Q1. Electric field inside a hallow metallic charged sphere is
(a) Zero
(b) Decreasing towards centre
(c) Increasing toward centre
(d) None of these

Q2. An R-L series AC circuit has 3V across resistor and 4V across the inductor, the supply voltage is
(a) 7 volt
(b) 5 volt
(c) 1 volt
(d) zero

Q3. An emitter follower has high input impedance because
(a) Large load resistance may be used
(b) Large biasing resistance is used
(c) large emitter resistance is used
(d) There is negative feedback in the base emitter circuit

Q4. The hexadecimal representation of (657)_8 is:
(a) 1AF H
(b) D78 H
(c) D71 H
(d) 32F H

Q5. On receiving an interrupt from an I/0 device the CPU
(a) Branches off to the interrupt service routine after completion of the current instruction
(b) Halts for a predetermined time
(c) Branches off to the interrupt service routine immediately
(d) Hands over control of address bus and data bus to the interrupting device

Q6. The power factor of DC circuit is
(a) 0
(b) 1
(c) – 1
(d) None of these

Q7. If the response of LTI continuous time system to unit step input is (1/2 – 1/2 e^(-2t)), then impulse response of the system is
(a) (1/2 – 1/2 e^(-2t))
(b) e^(-2t)
(c) (1 – e^(-2t))
(d) Constant

Q8. An FM signal with modulation index mƒ is passed through a frequency tripler.
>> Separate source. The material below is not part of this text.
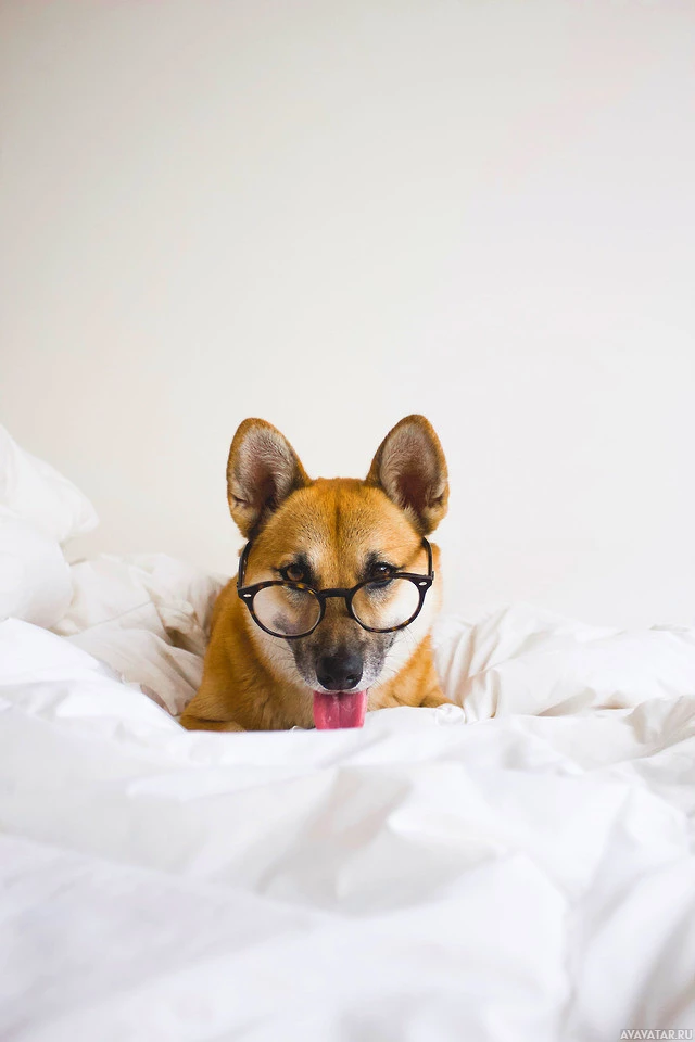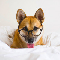 an impression of relaxation. There are glasses placed over the dog's eyes, creating a humorous and adorable effect as if the dog were wearing them. The background is neutral-toned, focusing attention on the dog itself.

The modulation index of the output signal will be
(a) mƒ
(b) 3mƒ
(c) 9mƒ
(d) 27mƒ

Q9. In Force-Voltage Analogy
(a) Force is analogous to current
(b) Mass is analogous to capacitance
(c) Velocity is analogous to current
(d) Displacement is analogous to magnetic flux linkage

Q10. In a transistor, the base current and collector current are 60 µA and 1.75 mA. The value of α is nearly
(a) 0.97
(b) 0.91
(c) 1.3
(d) 1.7

Solution

S1. Ans.(a)
Sol. Inside a hallow metallic charged sphere, electric field is always zero.

S2. Ans.(b)
Sol. Given:
Voltage across inductor(V_L^ ) = 4 V
Voltage across resistor(V_R^ ) = 3 V
Now, Supply Voltage is
⇒ V = √(V_L^2+V_R^2 )
⇒ V = √(3^2+4²)
So, V = √25=5 volt

S3. Ans.(d)
Sol. Common Collector configuration is also called an Emitter follower. It has high input impedance because there is negative feedback in the base emitter circuit.

S4. Ans.(a)
Sol.
Step 1: Converting Octal number to binary. We know that each octal digit is represented as 3 bit binary number.
⇒ 657_8 = (110 101 111)2
Step 2: Converting Binary number to Hexadecimal. We know that each Hexadecimal digit is represented as 4 bit binary number. If total binary digit are not in multiple of 4 we can include ‘0’ to the left of MSB in binary number.
⇒ (110 101 111)2 = (0001 1010 1111)2
⇒ (0001 1010 1111)2 = 1AF16 [ ∵ 10102 = A16]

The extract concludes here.